Is it really possible that Patrick, a Harvard graduate, is an economic illiterate? A more reasonable explanation might be that that his many supporters are absolutely right – he is no ordinary leader – but, perhaps only because he is masterful politician.

Gas taxes are extremely unpopular politically – and to get elected, Patrick did whatever any rational, self-interested person would do: he denounced the idea during the campaign, an ordinary tactic if ever there was one. But his political skills are apparent in his post-election semi-reversal on the issue, in which he transformed the gas tax question to seemingly pursue two objectives that are inescapably in direct conflict – funding transportation while reducing gasoline consumption. By confusing the two, Patrick hopes to ride the fence until the political winds push him off one side.

But one cannot lead with double-talk. Not only are his arguments self-defeating, his assertion, that it is imprudent to rely on revenues generated from activities of which the state disapproves, is quite curious in a state that rakes in over $400 million in annual revenues through a $1.51 per pack cigarette tax. By Patrick’s reasoning, the state should not raise revenues by taxing an activity it hopes to terminate. If he is consistent, he will argue to repeal the cigarette tax.

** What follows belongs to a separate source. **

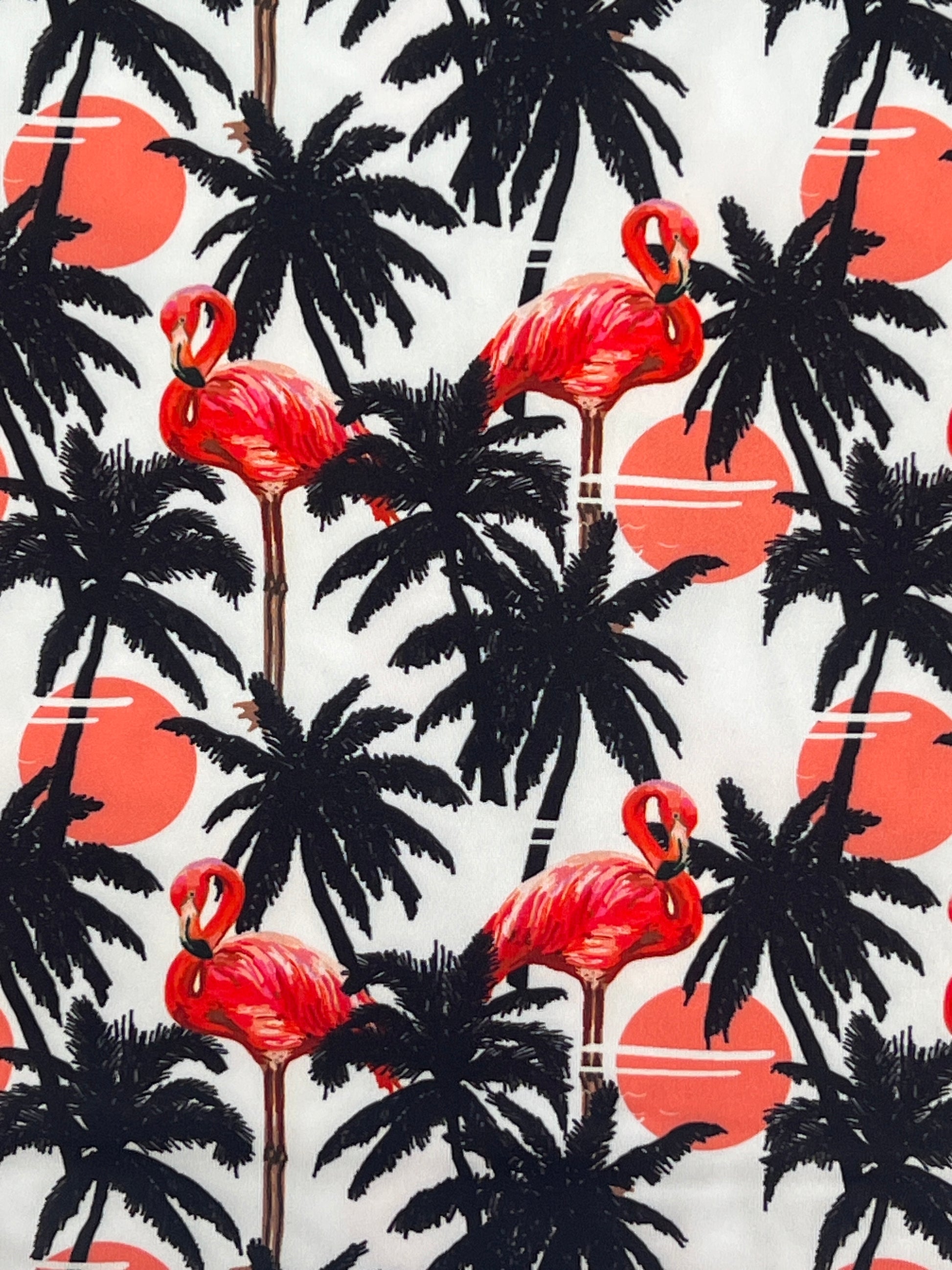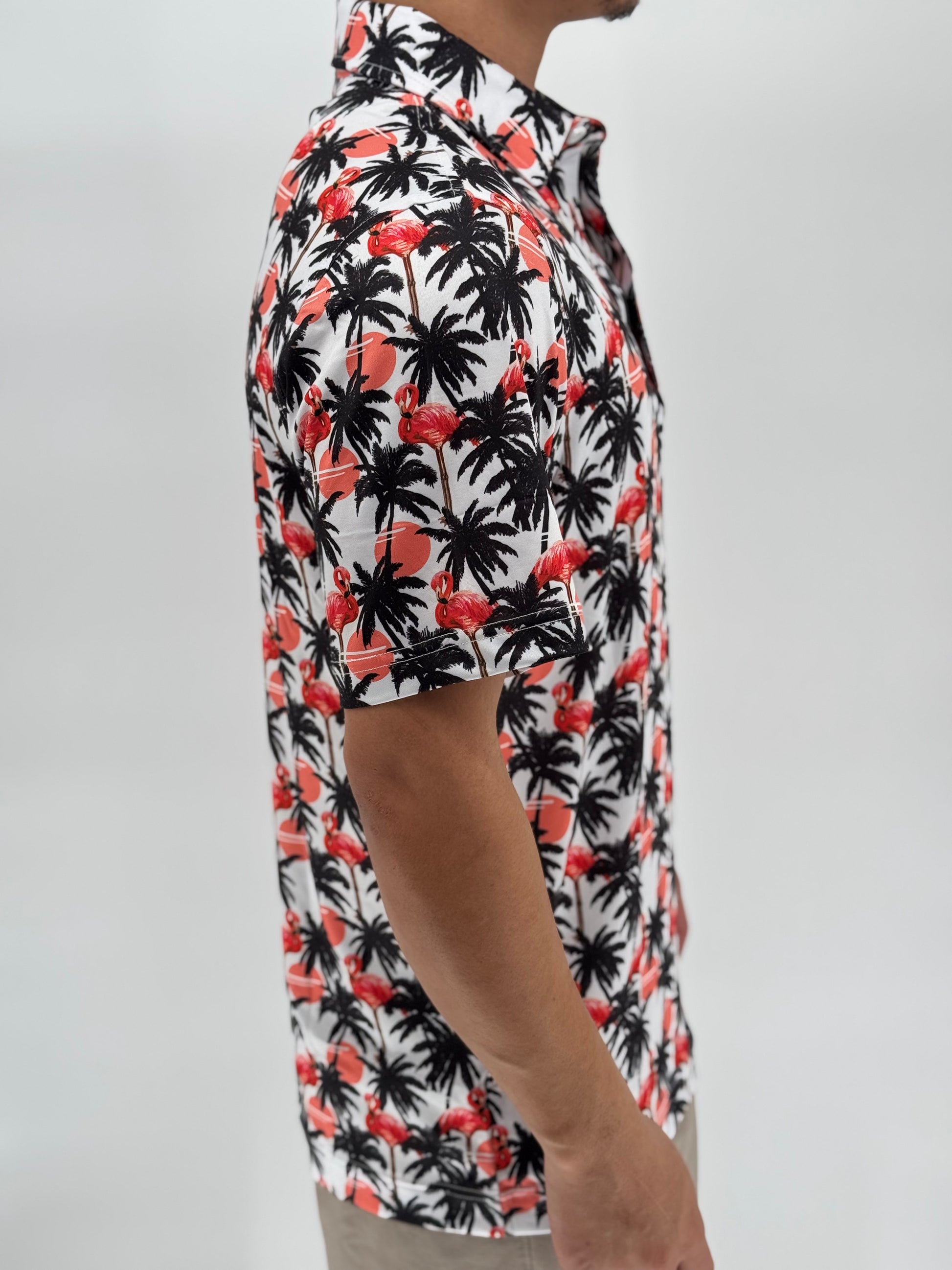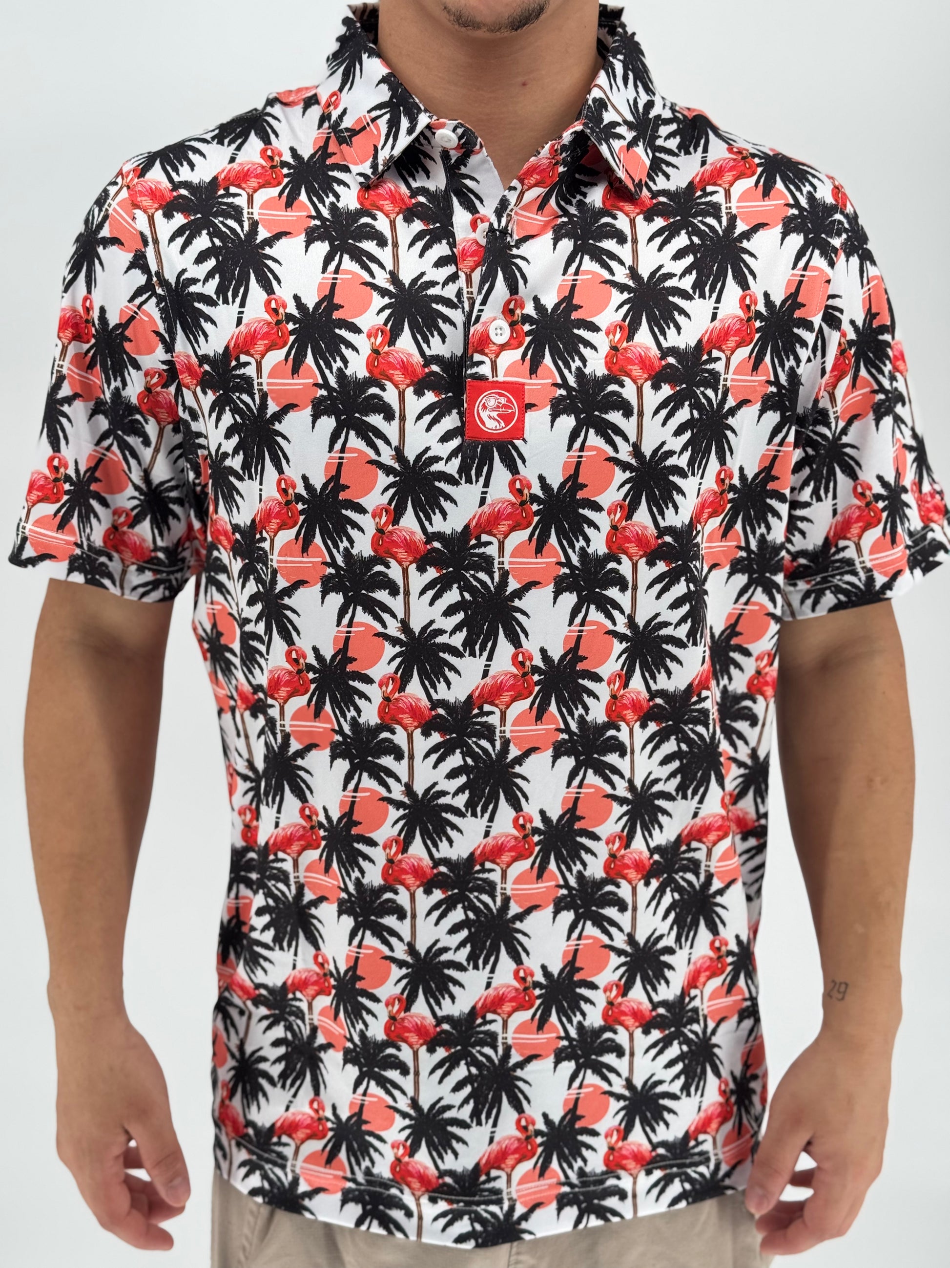 Turn up the tropical and let your swing strut with the Flamingle Polo. Covered in a wild mix of pink flamingos, palm silhouettes, and retro sunset pops, this shirt brings serious island heat to your course look. Whether you're hitting fairways or just vibing with the crew, moisture-wicking performance fabric and stretch-ready comfort keep you cool while your fit does the talking. Perfect for those who play bold, dress bolder, and never birdie alone.

Perhaps Patrick’s political calculus is on the mark, and he will succeed at simultaneously opposing a gas tax while condoning the cigarette levy. Voters are, perhaps, more tolerant of gasoline than of cigarettes. The political power of the average smoker, moreover, is far outweighed by that of the average driver. Smokers are far less wealthy and far fewer in number than drivers.

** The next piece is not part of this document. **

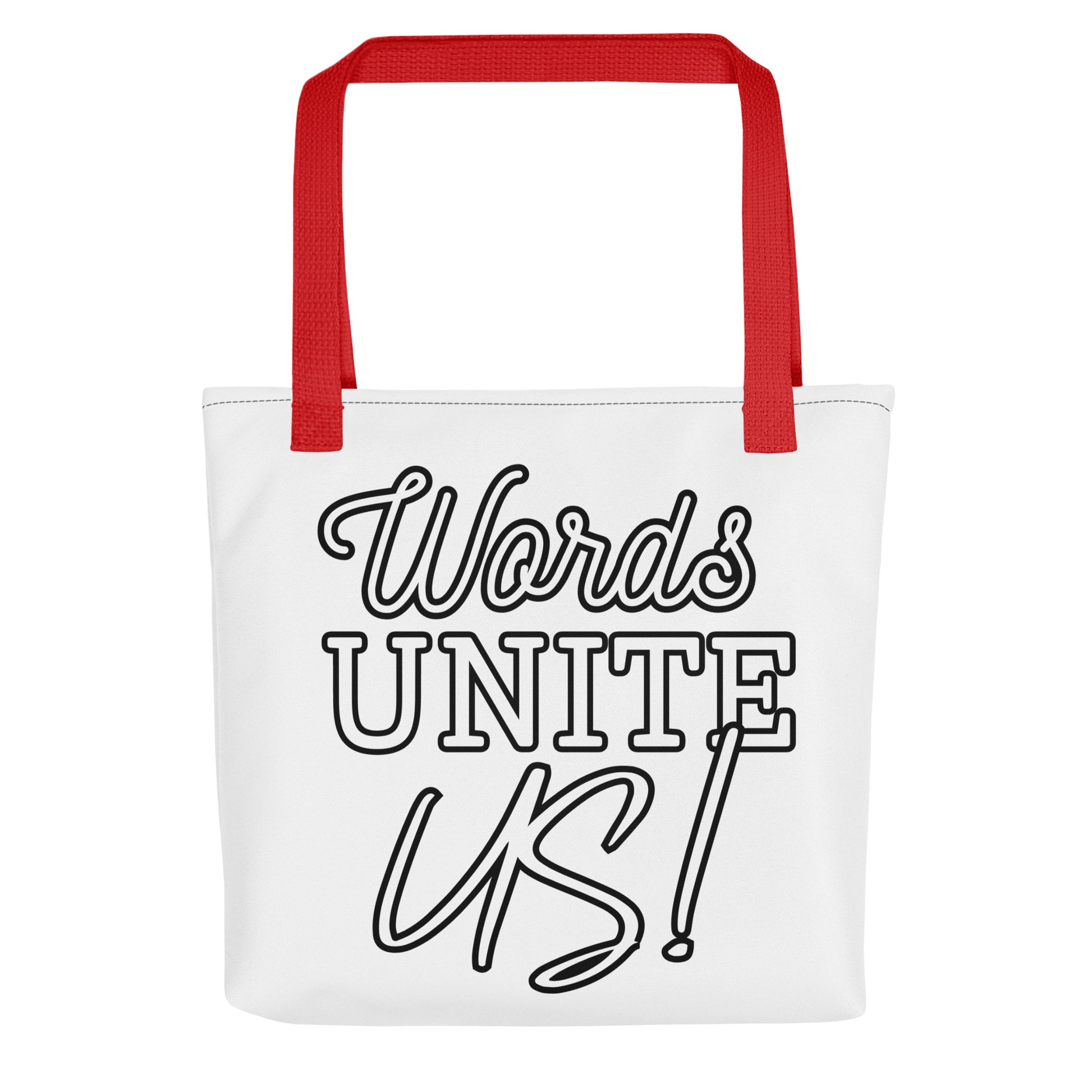 Words Unite Us is a spacious and trendy tote bag to help you carry around everything that matters.

Politicians, regardless of party affiliation, are no less self-interested than anyone else. We would all benefit from an honest debate about the economic benefits of a higher gas tax – but as long as the polls indicate how unpopular a move it is, we will be subjected to an ever increasing cacophony of economic silliness.

Perhaps the new governor is an admirer of H.L. Mencken: “No one in this world has ever lost money by underestimating the intelligence of the great masses of the plain people. Nor has anyone ever lost public office thereby.”

He might do well, however, to consider the thoughts of a proven leader who observed that not all of the people can be fooled all of the time.

John Barry is president of American Investment Services. Mike Rizzo, PhD., is senior economist at American Institute for Economic Research.